Прозаик, художник-авангардист Владимир Некрасов известен далеко за пределами родной Магнитки. Председатель Челябинского регионального отделения Союза российских писателей в Магнитогорске, член Творческого союза художников России, Владимир Александрович немало делает для того, чтобы вписать наш город в контекст современной российской культуры. Почерк Некрасова узнаваем – и когда он пишет пером, и когда берёт в руки кисть. В литературе он проявил себя как мастер коротких рассказов.
Владимир Некрасов родился в Магнитогорске 23 июня 1958 года. После школы поступил в военное училище связи, а затем в Ленинградский политехнический институт имени Петра Великого, однако в итоге тяга к искусству оказалась сильнее. Владимир Александрович окончил Высшие литературные курсы при Литературном институте имени М. Горького и в 1996 году вошёл в редколлегию журнала «Берег А» (16+) – культового издания, пользовавшегося популярностью у интеллигенции нашего города и отразившего культурную жизнь 1990–2000-х.

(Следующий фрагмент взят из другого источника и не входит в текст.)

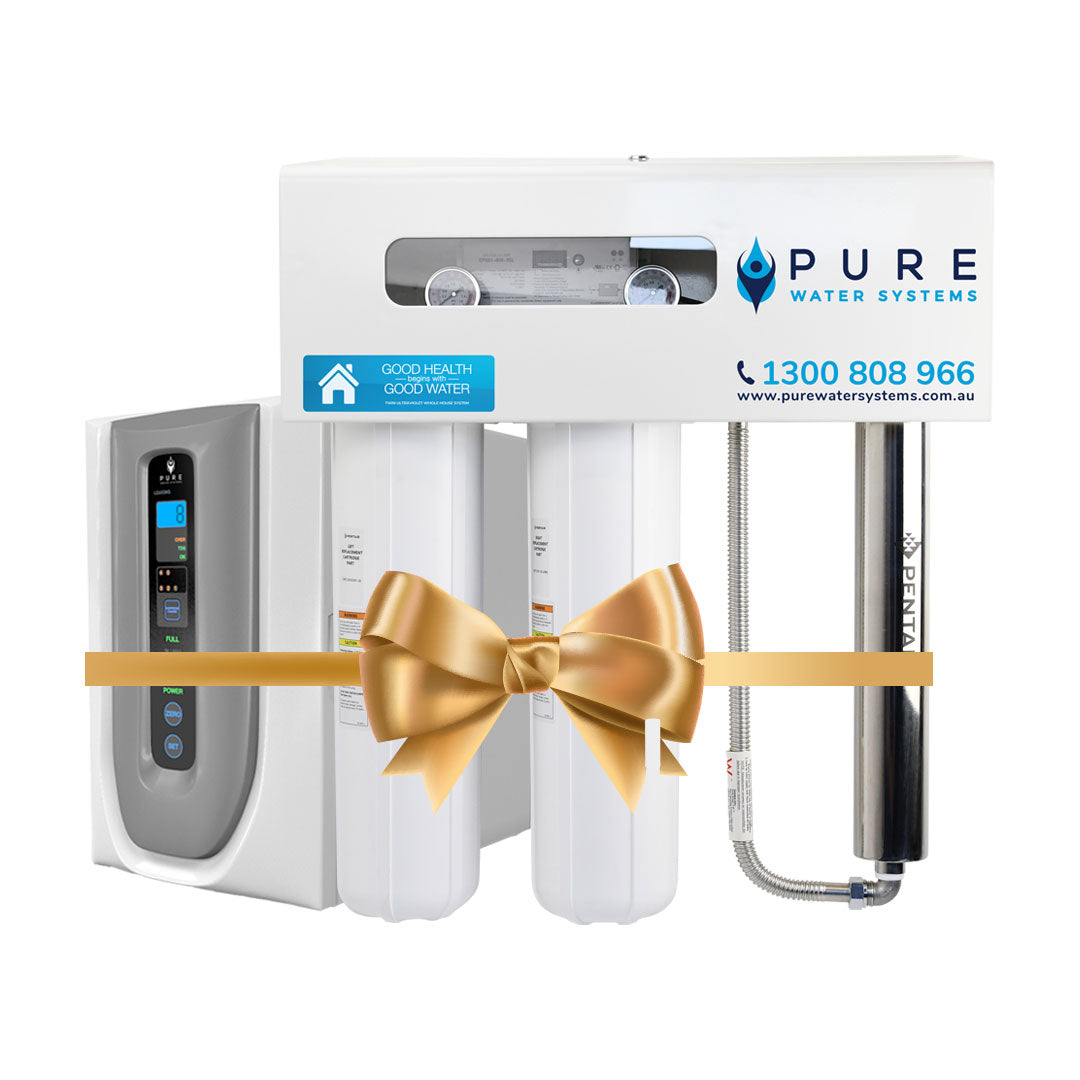 Spoil yourself or someone you love this Christmas with our Oasis Bundle. This bundle includes our RO-5U Reverse Osmosis Under Sink System and your choice of a Twin Whole House System or the Twin UV Whole House System.

Некрасов одновременно реализовывался и как писатель, и как художник. Не случайно проза его изобилует зримыми деталями, а в живописи сильны литературные мотивы, причём особенно сильно воздействуют на зрителя работы на библейские сюжеты. В 1997 в Магнитогорском доме печати был издан буклет «Владимир Некрасов. Живопись» (16+). В том же году Некрасов основал творческий центр «Рутина» при Магнитогорском театре куклы и актёра «Буратино» – под его эгидой этого неформального объединения проходили поэтические вечера и презентации книг. По рекомендации писателя, журналиста Олега Хандуся Владимир Некрасов вступил в Союз российских писателей.
Резонансным событием в российской культуре был Литературный конкурс имени К. М. Нефедьева, проходивший в Магнитогорске в начале 2000-х. В его жюри с 2001 по 2003 год работал Владимир Некрасов. А в 2012 и 2015 годах он был в составе жюри Премии имени Б. А. Ручьёва.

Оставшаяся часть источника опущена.